Tutorial: Distributed Training with Horovod Runner and TensorFlow (deprecated)
Horovod is a distributed training framework for libraries like TensorFlow and PyTorch. With Horovod, users can scale up an existing training script to run on hundreds of GPUs in just a few lines of code.
Within Azure Synapse Analytics, users can quickly get started with Horovod using the default Apache Spark 3 runtime. For Spark ML pipeline applications using TensorFlow, users can use HorovodRunner
. This notebook uses an Apache Spark dataframe to perform distributed training of a distributed neural network (DNN) model on MNIST dataset.
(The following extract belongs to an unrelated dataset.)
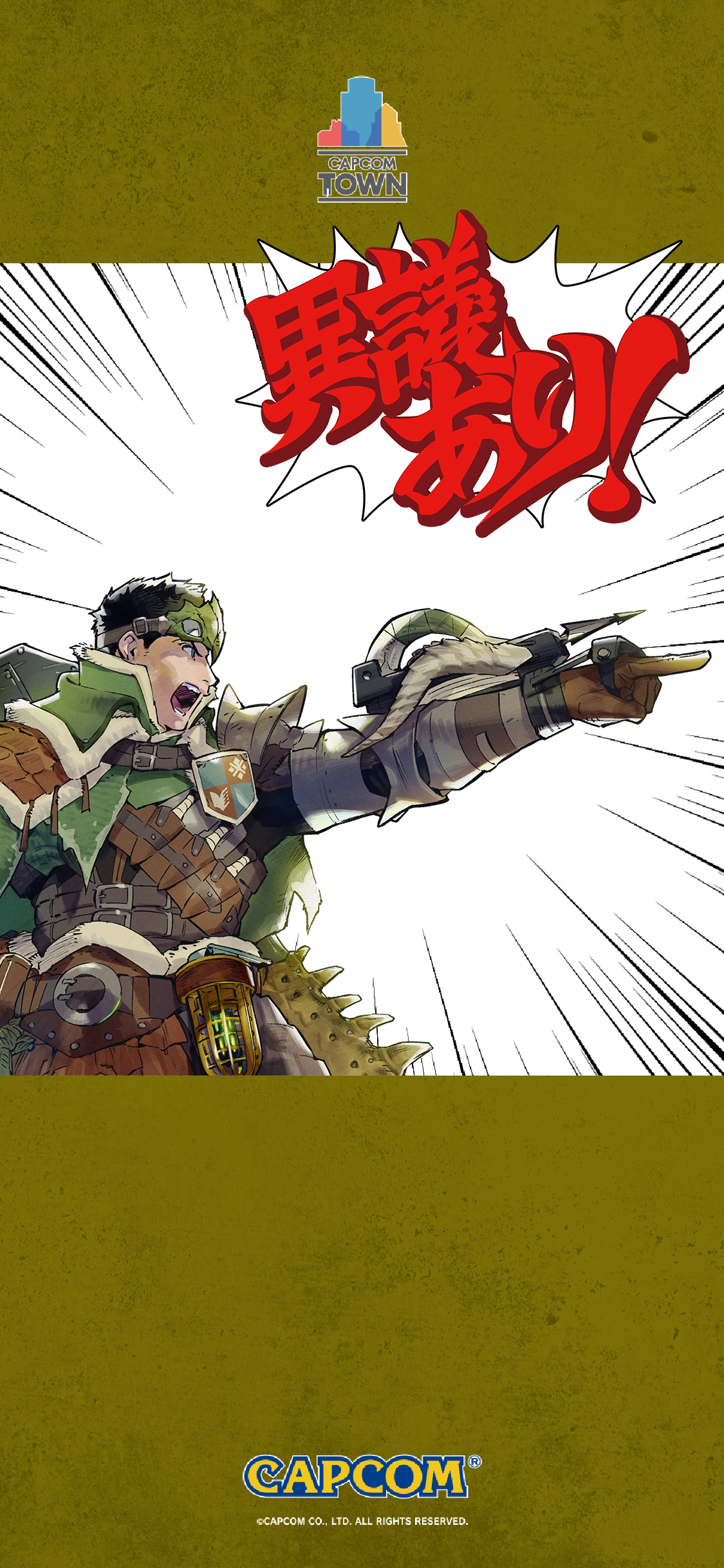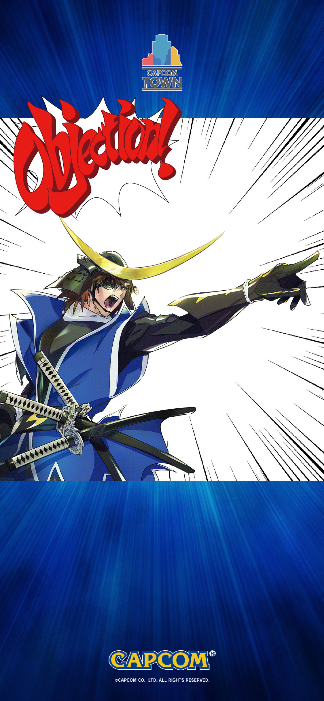 Here’s a closer look at how the four pieces looked. The featured Capcom characters in the “objection” wallpapers include Mega Man, a hunter from Monster Hunter, a zombie from Resident Evil, and Masamune Date from Sengoku Basara.

This tutorial uses TensorFlow and the HorovodRunner
to run the training process.
Prerequisites
- Azure Synapse Analytics workspace with an Azure Data Lake Storage Gen2 storage account configured as the default storage. You need to be the Storage Blob Data Contributor of the Data Lake Storage Gen2 file system that you work with.
- Create a GPU-enabled Apache Spark pool in your Azure Synapse Analytics workspace. For details, see Create a GPU-enabled Apache Spark pool in Azure Synapse. For this tutorial, we suggest using the GPU-Large cluster size with 3 nodes.
Note
The Preview for Azure Synapse GPU-enabled pools has now been deprecated.
Caution
Deprecation and disablement notification for GPUs on the Azure Synapse Runtime for Apache Spark 3.1 and 3.2
- The GPU accelerated preview is now deprecated on the Apache Spark 3.2 (deprecated) runtime. Deprecated runtimes will not have bug and feature fixes. This runtime and the corresponding GPU accelerated preview on Spark 3.2 has been retired and disabled as of July 8, 2024.
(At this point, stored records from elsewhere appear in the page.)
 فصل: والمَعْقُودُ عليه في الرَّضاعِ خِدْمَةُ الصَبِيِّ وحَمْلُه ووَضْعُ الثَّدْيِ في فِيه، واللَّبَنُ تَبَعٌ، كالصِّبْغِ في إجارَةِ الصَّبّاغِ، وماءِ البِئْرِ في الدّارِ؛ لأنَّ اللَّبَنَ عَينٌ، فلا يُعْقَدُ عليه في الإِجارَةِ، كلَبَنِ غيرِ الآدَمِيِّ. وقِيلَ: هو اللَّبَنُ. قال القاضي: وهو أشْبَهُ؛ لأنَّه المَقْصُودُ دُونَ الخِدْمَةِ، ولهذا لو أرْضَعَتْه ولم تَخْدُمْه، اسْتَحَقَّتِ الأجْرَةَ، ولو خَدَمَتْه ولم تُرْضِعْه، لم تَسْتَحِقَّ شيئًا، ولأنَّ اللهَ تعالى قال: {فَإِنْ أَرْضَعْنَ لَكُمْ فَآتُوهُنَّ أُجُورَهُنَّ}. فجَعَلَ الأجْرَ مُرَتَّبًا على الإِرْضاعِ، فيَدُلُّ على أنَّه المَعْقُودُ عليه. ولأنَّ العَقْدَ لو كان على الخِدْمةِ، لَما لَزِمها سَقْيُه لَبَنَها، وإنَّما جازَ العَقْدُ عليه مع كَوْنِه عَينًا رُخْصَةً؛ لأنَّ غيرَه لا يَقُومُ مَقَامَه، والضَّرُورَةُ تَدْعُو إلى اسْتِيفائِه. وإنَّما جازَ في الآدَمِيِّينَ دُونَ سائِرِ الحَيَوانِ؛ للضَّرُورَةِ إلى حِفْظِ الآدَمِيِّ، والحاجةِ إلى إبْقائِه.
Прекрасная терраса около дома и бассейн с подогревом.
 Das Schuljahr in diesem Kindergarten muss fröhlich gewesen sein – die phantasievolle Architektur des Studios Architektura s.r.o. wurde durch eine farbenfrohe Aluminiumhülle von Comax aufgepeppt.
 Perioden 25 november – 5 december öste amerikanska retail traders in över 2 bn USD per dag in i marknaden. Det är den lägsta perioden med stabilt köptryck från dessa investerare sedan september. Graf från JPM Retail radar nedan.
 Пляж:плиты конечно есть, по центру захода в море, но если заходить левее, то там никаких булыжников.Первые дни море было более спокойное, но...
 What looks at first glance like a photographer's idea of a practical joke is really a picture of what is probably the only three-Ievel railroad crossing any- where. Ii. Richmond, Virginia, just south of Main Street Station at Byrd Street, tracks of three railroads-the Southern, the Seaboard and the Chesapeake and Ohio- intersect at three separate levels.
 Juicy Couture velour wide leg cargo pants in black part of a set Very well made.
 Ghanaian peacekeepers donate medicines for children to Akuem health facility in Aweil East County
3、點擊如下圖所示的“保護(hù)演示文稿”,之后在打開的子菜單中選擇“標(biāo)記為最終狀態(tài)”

- The GPU accelerated preview is now deprecated on the Azure Synapse 3.1 (deprecated) runtime. Azure Synapse Runtime for Apache Spark 3.1 has reached its end of support as of January 26, 2023, with official support discontinued effective January 26, 2024, and no further addressing of support tickets, bug fixes, or security updates beyond this date.
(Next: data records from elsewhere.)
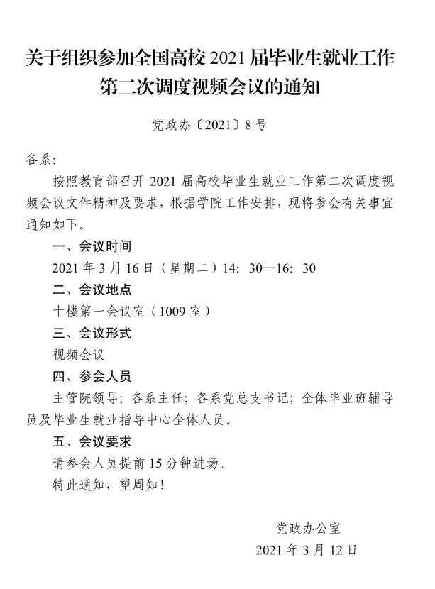 关于组织参加全国高校2021届毕业生就业工作第二次调度视频会议的通知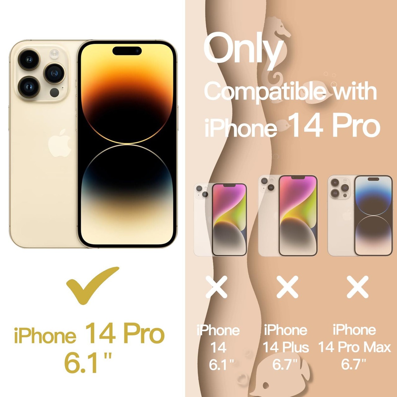 [互換性] iPhone 14 Pro 6.1インチ専用に設計されています。購入する前に携帯電話のモデルを再確認してください。さらに、黄ばみ防止の背面は超透明で、携帯電話の絶妙なロゴを美しく見せます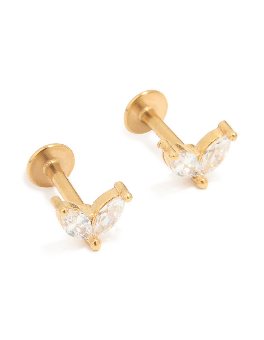 Gold Plated Surgical Steel Double Leaf Cubic Zirconia Flat Back Studs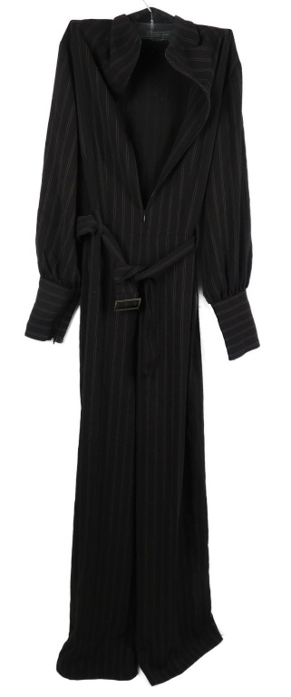 Dámsky hnedý pruhovaný nohavicový palazzo overal s opaskom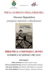 Domenica 26 gennaio 2020, alle ore 18.00, in occasione della Giornata della Memoria, l’assessorato alle Culture della Città di Trani, in collaborazione con l’Associazione ANTEAS di Trani, promuove un incontro tematico incentrato sulla figura di Vincenzo Pappalettera, partigiano di origine tranese che nel gennaio del 1945 fu deportato nel campo di concentramento nazista di Mauthausen in Austria. Si discuterà, tra l’altro, del libro Tu passerai per il camino (ed. Mursia, 1965) scritto dallo stesso Pappalettera, per il quale nell’anno 1966 è stato insignito del premio “Bancarella”.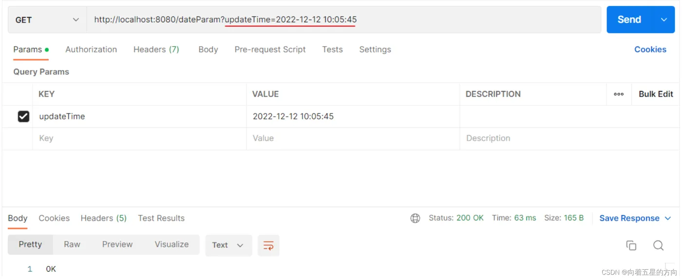 @RestController public class RequestController { //日期时间参数 @RequestMapping("/dateParam") public String dateParam(@DateTimeFormat(pattern = "yyyy-MM-dd HH:mm:ss") LocalDateTime updateTime){ System.out.println(updateTime); return "OK"; } }
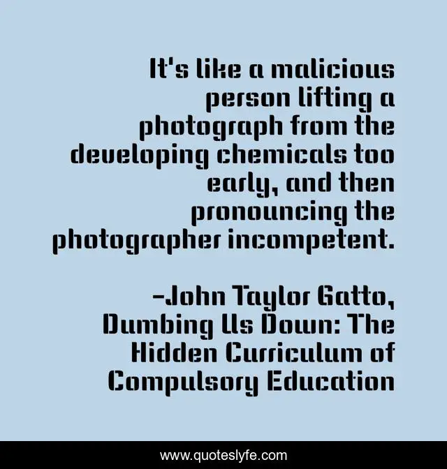 This page presents the quote "It's like a malicious person lifting a photograph from the developing chemicals too early, and then pronouncing the photographer incompetent.". Author of this quote is John Taylor Gatto, Dumbing Us Down: The Hidden Curriculum of Compulsory Education. This quote is about photography, education,.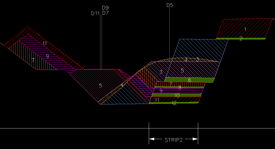 Support for grids, triangulations, and Vulcan design objects, allows easy development of in situ block layouts. Intersections between cross-section lines, strip plans and horizon surfaces are calculated automatically, to generate the initial range diagram sections quickly and easily. Full control is provided in setting highwall angles and bench offsets.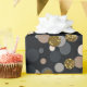 Un motif de confettis aléatoires pointe dans une palette pastel, brun érable et gris, avec parties scintillant d'or sur un arrière - plan foncé.
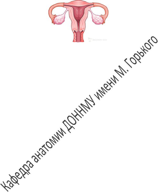 Обозначьте на предложенном рисунке части маточной трубы, части матки, полость матки, канал шейки матки, слои стенки матки.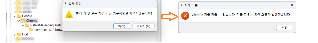 레지스트리값을 삭제할때 아래와 같이 "키를 지울 수 없습니다.키를 지우는 동안 오류가 발생했습니다." 와 같은 오류가 발생하여 키 값이 안지워지는 경우가 있습니다. PsTools를 사용하면 강제로 해당값을 삭제 할 수 있습니다.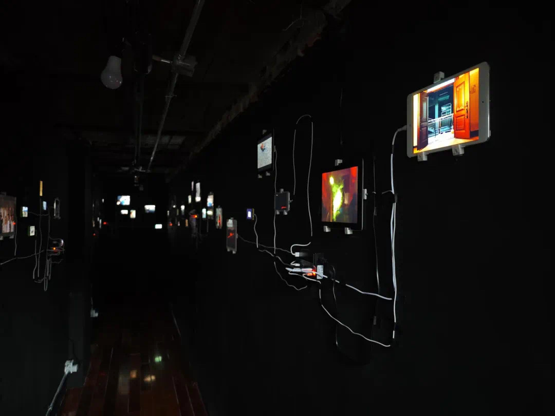Film screenings present similar challenges. The approval process for theatrical release in China is notoriously strict, making independent screenings both rare and risky. Xiaozu regularly screens challenging short films by independent directors. One of their long-term projects is the Video Passageway — a dark, narrow corridor filled with second-hand iphone / ipads displaying monthly rotating video works by mainly local performance artists. There is nowhere to sit; viewers must walk slowly into the damp, narrow space. The experience itself becomes a challenge to the senses and to the viewer’s attention span.
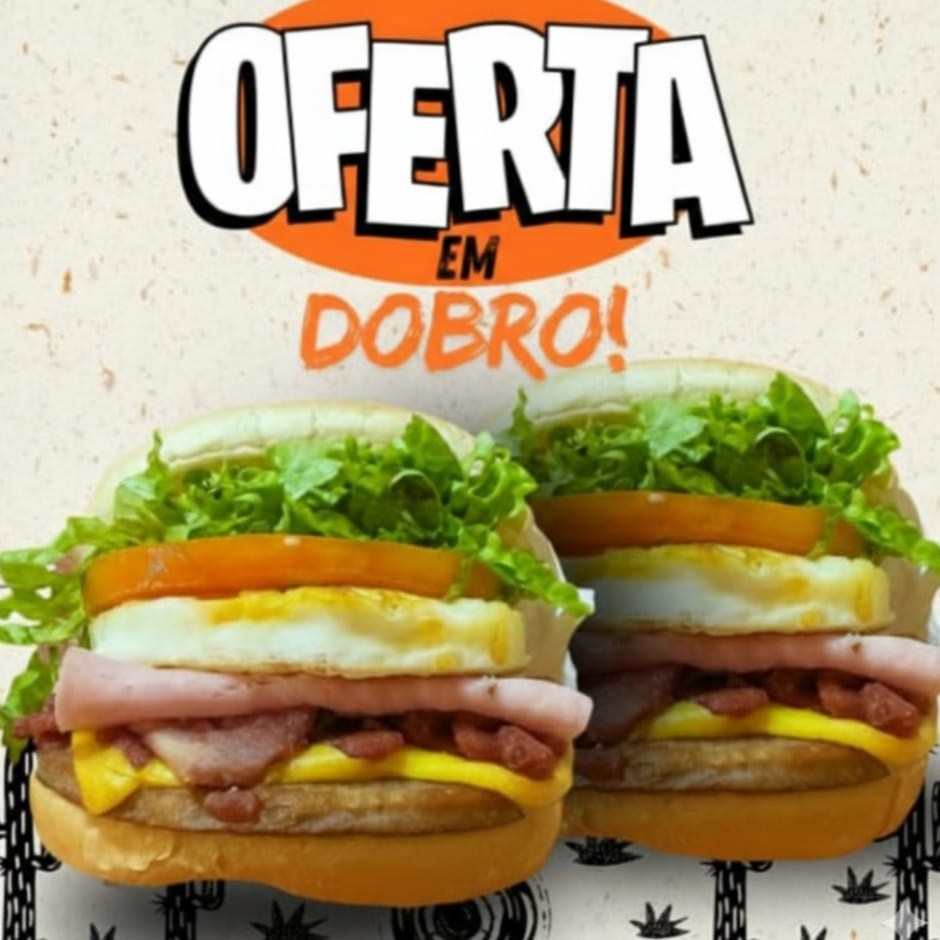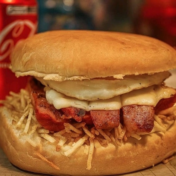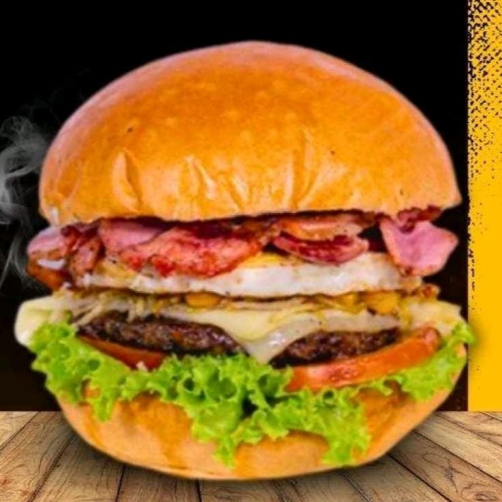 Pão, maionese, 2 hambúrguer 90g, mussarela, presunto 2 ovos, bacon, alface e tomate

Configure the Apache Spark session
At the start of the session, we need to configure a few Apache Spark settings. In most cases, we only need to set the numExecutors
and spark.rapids.memory.gpu.reserve
. For very large models, users may also need to configure the spark.kryoserializer.buffer.max
setting. For TensorFlow models, users need to set the spark.executorEnv.TF_FORCE_GPU_ALLOW_GROWTH
to be true.
In the example, you can see how the Spark configurations can be passed with the %%configure
command. The detailed meaning of each parameter is explained in the Apache Spark configuration documentation. The values provided are the suggested, best practice values for Azure Synapse GPU-large pools.
%%configure -f
{
"driverMemory": "30g",
"driverCores": 4,
"executorMemory": "60g",
"executorCores": 12,
"numExecutors": 3,
"conf":{
"spark.rapids.memory.gpu.reserve": "10g",
"spark.executorEnv.TF_FORCE_GPU_ALLOW_GROWTH": "true",
"spark.kryoserializer.buffer.max": "2000m"
}
}
For this tutorial, we use the following configurations:
%%configure -f
{
"numExecutors": 3,
"conf":{
"spark.rapids.memory.gpu.reserve": "10g",
"spark.executorEnv.TF_FORCE_GPU_ALLOW_GROWTH": "true"
}
}
Note
When training with Horovod, users should set the Spark configuration for numExecutors
to be less or equal to the number of nodes.
Setup primary storage account
We need the Azure Data Lake Storage (ADLS) account for storing intermediate and model data. If you are using an alternative storage account, be sure to set up the linked service to automatically authenticate and read from the account.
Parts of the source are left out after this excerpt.